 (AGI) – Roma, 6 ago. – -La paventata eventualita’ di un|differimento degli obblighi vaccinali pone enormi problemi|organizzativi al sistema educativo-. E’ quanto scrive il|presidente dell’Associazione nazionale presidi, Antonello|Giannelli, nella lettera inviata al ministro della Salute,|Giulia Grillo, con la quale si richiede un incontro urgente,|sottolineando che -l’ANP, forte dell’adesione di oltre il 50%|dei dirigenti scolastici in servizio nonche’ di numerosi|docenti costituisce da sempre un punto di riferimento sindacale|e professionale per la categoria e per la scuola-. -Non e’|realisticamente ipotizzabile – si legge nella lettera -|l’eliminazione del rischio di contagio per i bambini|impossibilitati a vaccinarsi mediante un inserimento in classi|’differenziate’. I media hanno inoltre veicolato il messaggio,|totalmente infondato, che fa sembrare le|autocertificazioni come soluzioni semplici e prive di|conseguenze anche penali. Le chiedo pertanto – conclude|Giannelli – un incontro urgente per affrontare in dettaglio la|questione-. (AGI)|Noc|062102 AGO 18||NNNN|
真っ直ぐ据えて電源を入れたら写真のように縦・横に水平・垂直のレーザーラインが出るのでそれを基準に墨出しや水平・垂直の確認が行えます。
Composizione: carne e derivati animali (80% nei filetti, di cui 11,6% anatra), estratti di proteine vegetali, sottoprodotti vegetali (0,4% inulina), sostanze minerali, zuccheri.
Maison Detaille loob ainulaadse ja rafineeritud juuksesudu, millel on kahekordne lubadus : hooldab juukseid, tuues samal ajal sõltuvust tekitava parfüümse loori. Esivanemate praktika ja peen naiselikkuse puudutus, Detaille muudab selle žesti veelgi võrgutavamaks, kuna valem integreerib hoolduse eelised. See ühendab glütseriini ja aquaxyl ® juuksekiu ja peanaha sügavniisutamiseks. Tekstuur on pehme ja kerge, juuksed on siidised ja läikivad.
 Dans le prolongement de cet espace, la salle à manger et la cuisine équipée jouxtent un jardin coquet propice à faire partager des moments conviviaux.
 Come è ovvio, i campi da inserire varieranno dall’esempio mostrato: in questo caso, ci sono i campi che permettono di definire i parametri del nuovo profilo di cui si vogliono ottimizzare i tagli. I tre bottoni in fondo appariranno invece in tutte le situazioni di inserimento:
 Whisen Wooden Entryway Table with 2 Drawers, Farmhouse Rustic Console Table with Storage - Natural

____________________

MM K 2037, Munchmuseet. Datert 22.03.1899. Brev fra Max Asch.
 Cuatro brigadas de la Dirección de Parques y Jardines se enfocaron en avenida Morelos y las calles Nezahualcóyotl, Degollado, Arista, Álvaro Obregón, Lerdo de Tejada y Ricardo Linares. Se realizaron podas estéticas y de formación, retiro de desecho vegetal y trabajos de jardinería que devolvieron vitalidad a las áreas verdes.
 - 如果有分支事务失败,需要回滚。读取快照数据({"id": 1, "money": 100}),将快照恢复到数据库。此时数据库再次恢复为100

____________________

## Task
From the entries above, copy each line that holds "inserimento".

## Task answer
 (AGI) – Roma, 6 ago. – -La paventata eventualita’ di un|differimento degli obblighi vaccinali pone enormi problemi|organizzativi al sistema educativo-. E’ quanto scrive il|presidente dell’Associazione nazionale presidi, Antonello|Giannelli, nella lettera inviata al ministro della Salute,|Giulia Grillo, con la quale si richiede un incontro urgente,|sottolineando che -l’ANP, forte dell’adesione di oltre il 50%|dei dirigenti scolastici in servizio nonche’ di numerosi|docenti costituisce da sempre un punto di riferimento sindacale|e professionale per la categoria e per la scuola-. -Non e’|realisticamente ipotizzabile – si legge nella lettera -|l’eliminazione del rischio di contagio per i bambini|impossibilitati a vaccinarsi mediante un inserimento in classi|’differenziate’. I media hanno inoltre veicolato il messaggio,|totalmente infondato, che fa sembrare le|autocertificazioni come soluzioni semplici e prive di|conseguenze anche penali. Le chiedo pertanto – conclude|Giannelli – un incontro urgente per affrontare in dettaglio la|questione-. (AGI)|Noc|062102 AGO 18||NNNN|
 Come è ovvio, i campi da inserire varieranno dall’esempio mostrato: in questo caso, ci sono i campi che permettono di definire i parametri del nuovo profilo di cui si vogliono ottimizzare i tagli. I tre bottoni in fondo appariranno invece in tutte le situazioni di inserimento:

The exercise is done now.